PROBLEM REQUIREMENTS: Please restate every entry exactly. Leave out the pictures.

(Records from a data source)
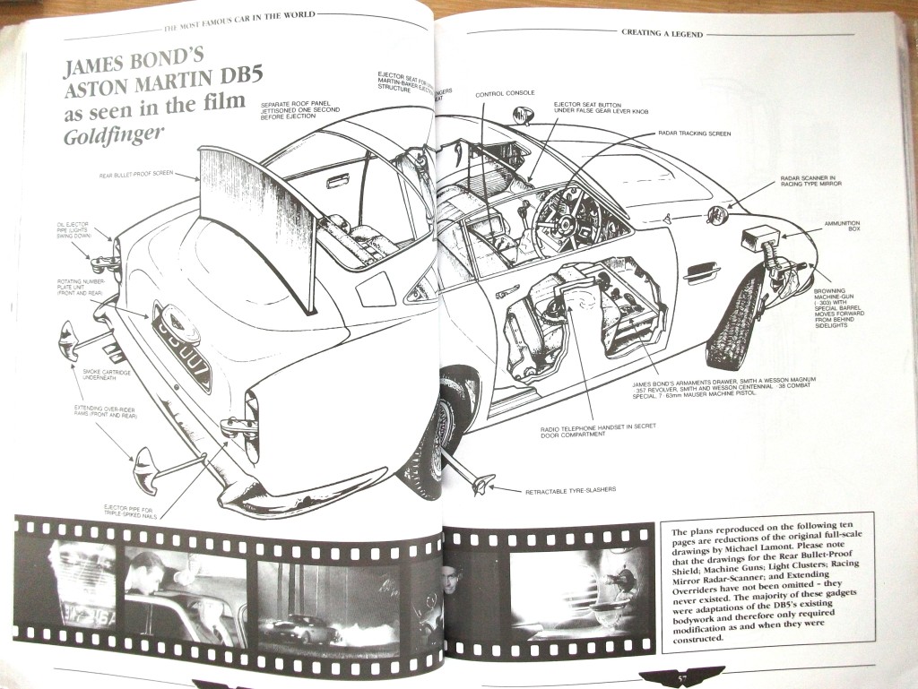 When this book was written in 1993, the DB5 had only been used in two films, ‘Goldfinger’ and ‘Thunderball’. However, Aston were initially not particularly interested, and the project nearly didn’t get off the ground. In the summer of 1963, it took much persuasion by Harry Saltzman co producer, special effects supervisor John Stears and production designer Ken Adam, before a compromise was reached, and Aston Martin loaned the R&D DB5.
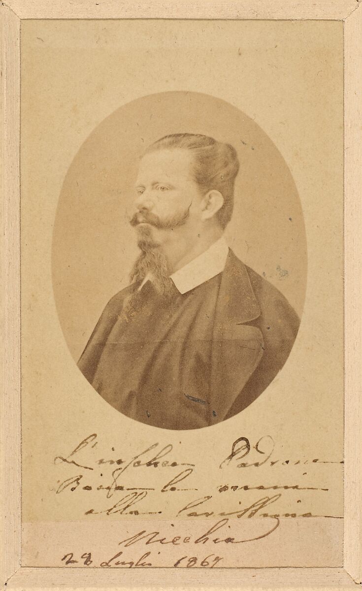 An avowed patriot, Bernieri fought alongside Garibaldi in the Expedition of the Thousand. After establishing his Turin photography studio in 1861, he became known for his portraits of Risorgimento heroes and as court photographer to the Italian royal family. This carte de visite depicts Vittorio Emanuele II (1820–1878), king of Sardinia and Piedmont, who became the first king of a united Italy in 1861. The sitter dedicated this print to the Countess of Castiglione following the tragic death of her husband, writing, “The unhappy sovereign kisses the hands of the dearest Nicchia.”
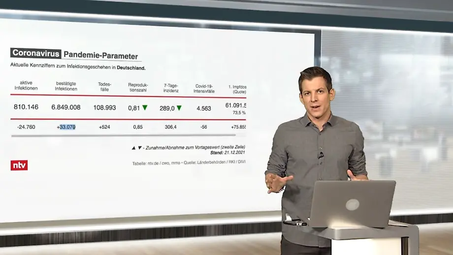Hinweis: Die Zahlen des RKI weichen in der Regel leicht von jenen Falldaten ab, die ntv.de täglich am Abend meldet. Das ntv.de-Datenteam greift direkt auf die Meldezahlen aus den Bundesländern zu, wie sie von den Ministerien und Behörden vor Ort veröffentlicht werden. Das RKI hingegen ist an die gesetzlich vorgeschriebenen Meldewege gebunden, was zu einem zeitlichen Verzug führen kann.
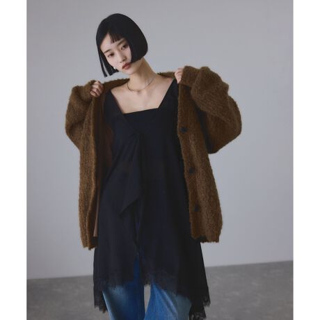シアー感とアイラッシュレースが映えるジレは、インナーを合わせてワンピース風にも着用OK。
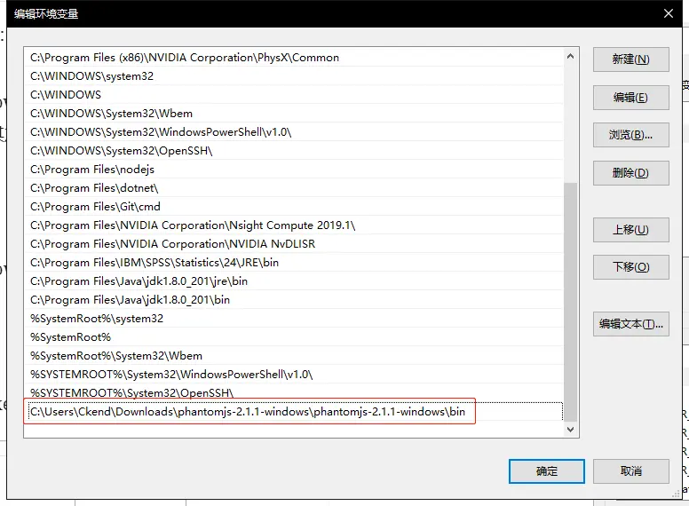 向系统变量的path的后面,加入我们 phantomjs.exe 的路径,比如我的是加入:
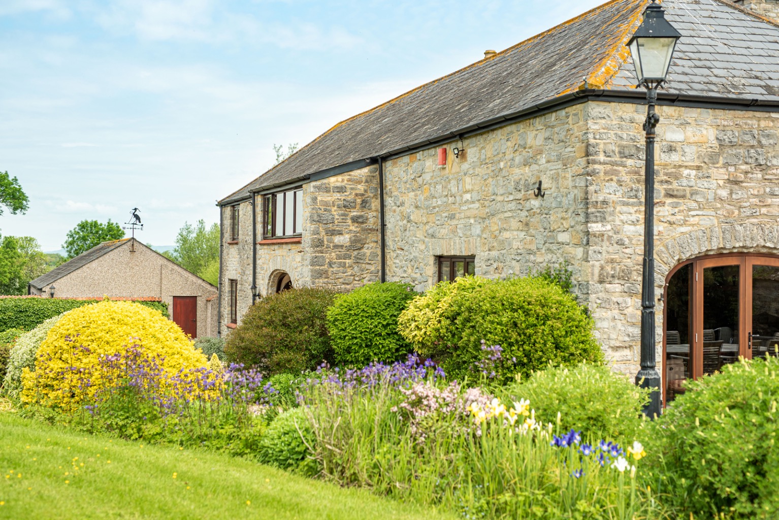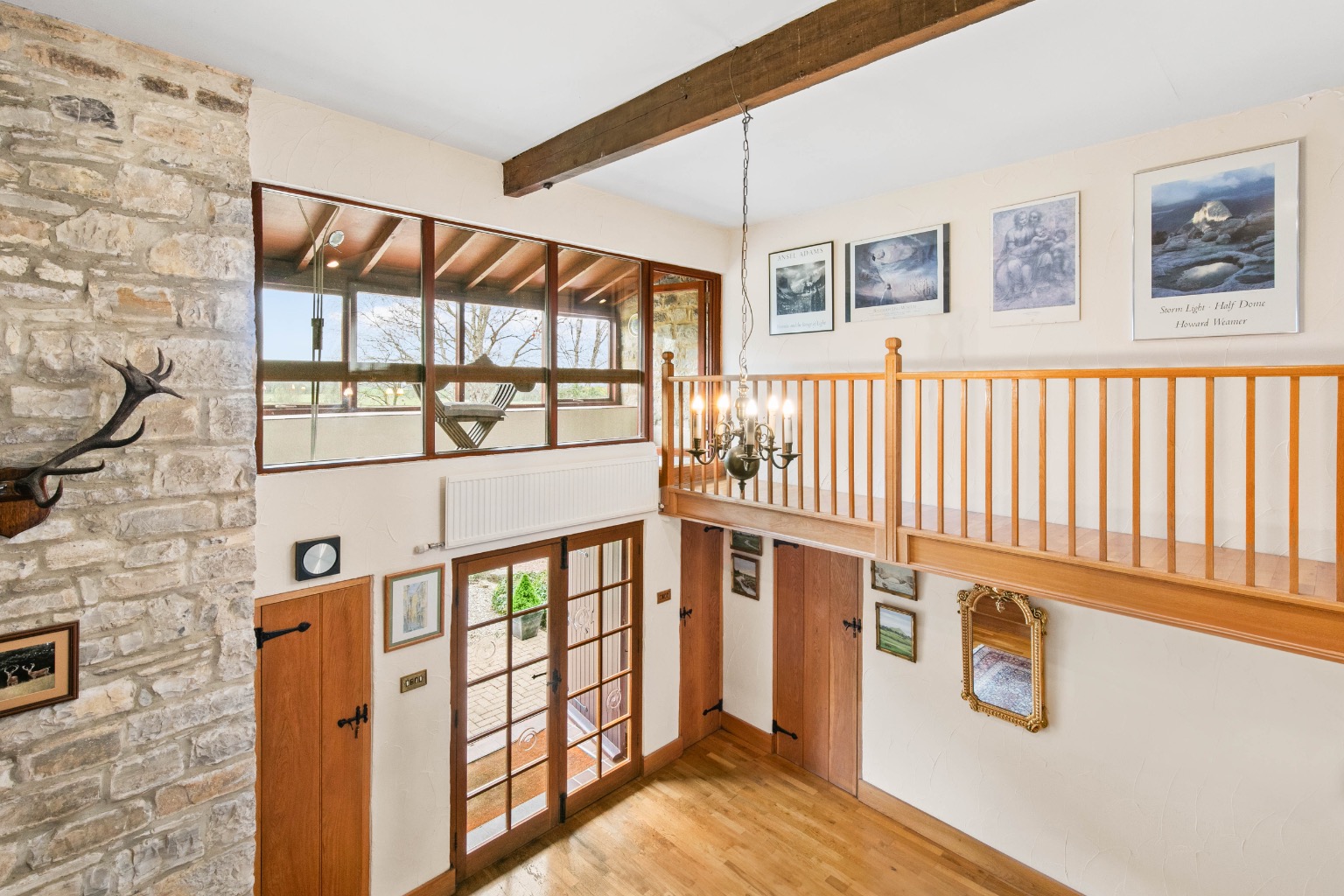 Throughout the property, careful attention to detail is evident, with features including American oak latch doors, exposed stone walls, flagstone and oak flooring and exposed beams.

EXPECTED ANSWER:
 When this book was written in 1993, the DB5 had only been used in two films, ‘Goldfinger’ and ‘Thunderball’. However, Aston were initially not particularly interested, and the project nearly didn’t get off the ground. In the summer of 1963, it took much persuasion by Harry Saltzman co producer, special effects supervisor John Stears and production designer Ken Adam, before a compromise was reached, and Aston Martin loaned the R&D DB5.
 An avowed patriot, Bernieri fought alongside Garibaldi in the Expedition of the Thousand. After establishing his Turin photography studio in 1861, he became known for his portraits of Risorgimento heroes and as court photographer to the Italian royal family. This carte de visite depicts Vittorio Emanuele II (1820–1878), king of Sardinia and Piedmont, who became the first king of a united Italy in 1861. The sitter dedicated this print to the Countess of Castiglione following the tragic death of her husband, writing, “The unhappy sovereign kisses the hands of the dearest Nicchia.”
Hinweis: Die Zahlen des RKI weichen in der Regel leicht von jenen Falldaten ab, die ntv.de täglich am Abend meldet. Das ntv.de-Datenteam greift direkt auf die Meldezahlen aus den Bundesländern zu, wie sie von den Ministerien und Behörden vor Ort veröffentlicht werden. Das RKI hingegen ist an die gesetzlich vorgeschriebenen Meldewege gebunden, was zu einem zeitlichen Verzug führen kann.
シアー感とアイラッシュレースが映えるジレは、インナーを合わせてワンピース風にも着用OK。
 向系统变量的path的后面,加入我们 phantomjs.exe 的路径,比如我的是加入:
 Throughout the property, careful attention to detail is evident, with features including American oak latch doors, exposed stone walls, flagstone and oak flooring and exposed beams.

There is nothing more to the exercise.